Lithocarpus hatusimae
- Conservation status: Near Threatened (IUCN 3.1)

Scientific classification
- Kingdom: Plantae
- Clade: Tracheophytes
- Clade: Angiosperms
- Clade: Eudicots
- Clade: Rosids
- Order: Fagales
- Family: Fagaceae
- Genus: Lithocarpus
- Species: L. hatusimae
- Binomial name: Lithocarpus hatusimae Soepadmo

= Lithocarpus hatusimae =

- Genus: Lithocarpus
- Species: hatusimae
- Authority: Soepadmo
- Conservation status: NT

Species of tree

Lithocarpus hatusimae is a tree in the family Fagaceae. It is endemic to western Borneo.

==Description==
Lithocarpus hatusimae grows as a tree up to 20 m tall with a trunk diameter of up to 35 cm. The greyish brown bark is smooth or fissured. Its coriaceous leaves measure up to 18 cm long. The dark brown acorns are ovoid to conical and measure up to 2.2 cm across.

==Taxonomy==
Lithocarpus hatusimae was first described by Engkik Soepadmo in Reinwardtia in 1970. The type specimen was collected on Mount Kinabalu, in Sabah. The species is named for the Japanese botanist Sumihiko Hatusima.
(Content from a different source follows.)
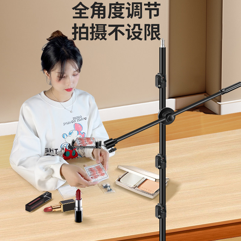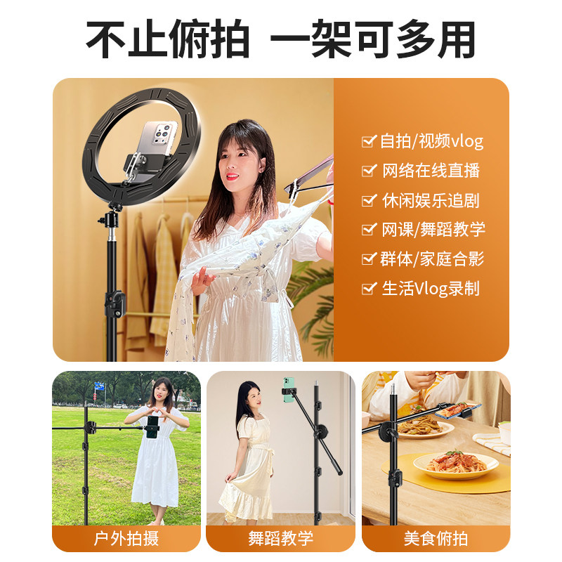 俯拍手机支架主播直播专用三脚架拍摄视频补光灯网红对镜服装拍照落地式多功能横臂杆通用支撑架子2025新款
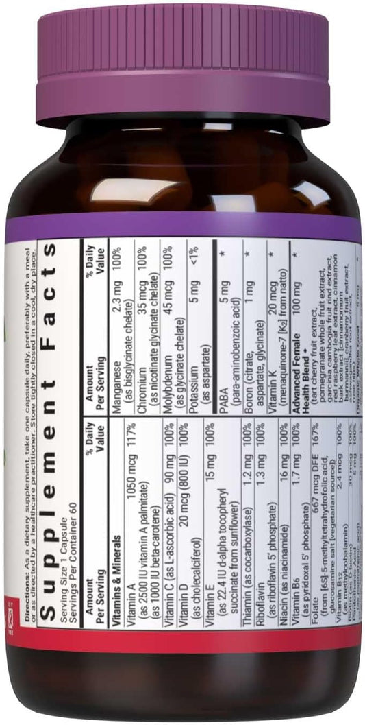 BlueBonnet Nutrition Ladies One Whole Food Multiple Capsules - Organic, Non-GMO, Gluten Free, Soy Free, Kosher - Energy & Vitality Boost - 60 Capsules, 2 Month Supply

==Distribution and habitat==
Lithocarpus hatusimae is endemic to Borneo. Its habitat is mixed dipterocarp (including kerangas) to montane forests from 800 m to 2200 m elevation.

==Conservation==
Lithocarpus hatusimae has been assessed as near threatened on the IUCN Red List. It is threatened by logging and by conversion of land for farming and urban development. However the species is in a number of protected areas in Sarawak and Sabah.